“It is about that Miss Brandt! You seem pretty intimate with her! You must stop it at once. You must have nothing more to do with her.”
Margaret’s eyes opened wide with distress.
“But, Doctor Phillips, for what reason? I don’t see how we could give her up now, unless we leave the place.”
“Then leave the place! You mustn’t know her, neither must Miss Leyton. She comes of a terrible parentage. No good can ever ensue of association with her.”
“You must tell me more than this, Doctor, if you wish me to follow your advice!”
“I will tell you all I know myself! Some twelve or thirteen years ago I was quartered in medical charge of the Thirteenth Lances, and stationed in Jamaica, where I knew of, rather than knew, the father of this girl, Henry Brandt. You called him a doctor—he was not worthy of the name. He was a scientist perhaps—a murderer certainly!”
“How horrible! Do you really mean it?”
“Listen to me! This man Brandt matriculated in the Swiss hospitals, whence he was expelled for having caused the death of more than one patient by trying his scientific experiments upon them. The Swiss laboratories are renowned for being the foremost in Vivisection and other branches of science that gratify the curiosity and harden the heart of man more than they confer any lasting benefit on humanity. Even there, Henry Brandt’s barbarity was considered to render him unfit for association with civilised practitioners, and he was expelled with ignominy.
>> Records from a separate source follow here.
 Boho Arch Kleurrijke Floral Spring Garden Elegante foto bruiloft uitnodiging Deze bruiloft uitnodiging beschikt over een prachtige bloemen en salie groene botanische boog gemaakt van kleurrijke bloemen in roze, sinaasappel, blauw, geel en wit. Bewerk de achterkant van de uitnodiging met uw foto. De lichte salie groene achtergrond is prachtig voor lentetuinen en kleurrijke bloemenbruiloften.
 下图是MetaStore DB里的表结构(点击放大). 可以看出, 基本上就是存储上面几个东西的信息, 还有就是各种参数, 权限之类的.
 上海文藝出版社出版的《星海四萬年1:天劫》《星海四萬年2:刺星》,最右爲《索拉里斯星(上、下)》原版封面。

Having a private fortune he settled in Jamaica, and set up his laboratory there, and I would not shock your ears by detailing one hundredth part of the atrocities that were said to take place under his supervision, and in company of this man Trawler, whom the girl calls her trustee, and who is one of the greatest brutes unhung.”
“Are you not a little prejudiced, dear Doctor?”
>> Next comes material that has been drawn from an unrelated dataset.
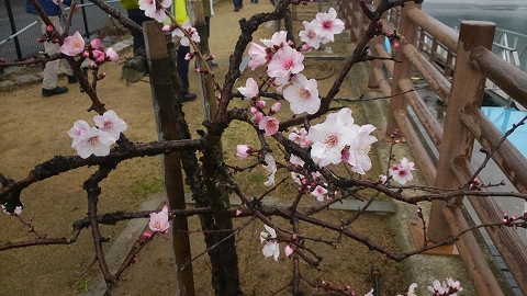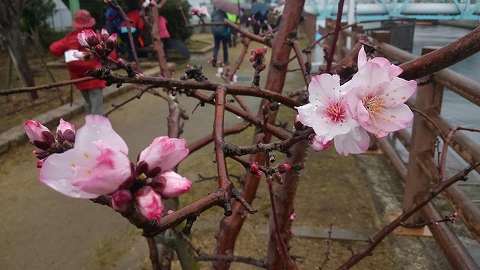 アーモンドの花1あられ(霰)にもめげず、魚崎浜の「東水環境センター」までやって来ました。予想はしましたが、もちろん満開ではありません。
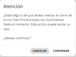 Aparecerá una ventana emergente para confirmar la acción de cierre de turno. Haz clic en CONFIRMAR para proceder.

“Not at all! If when you have heard all, you still say so, you are not the woman I have taken you for. Brandt did not confine his scientific investigations to the poor dumb creation. He was known to have decoyed natives into his Pandemonium, who were never heard of again, which raised, at last, the public feeling so much against him, that I am glad to say that his negroes revolted, and after having murdered him with appropriate atrocity, set fire to his house and burned it and all his property to the ground. Don’t look so shocked! I repeat that I am glad to say it, for he richly deserved his fate, and no torture could be too severe for one who spent his worthless life in torturing God’s helpless animals!”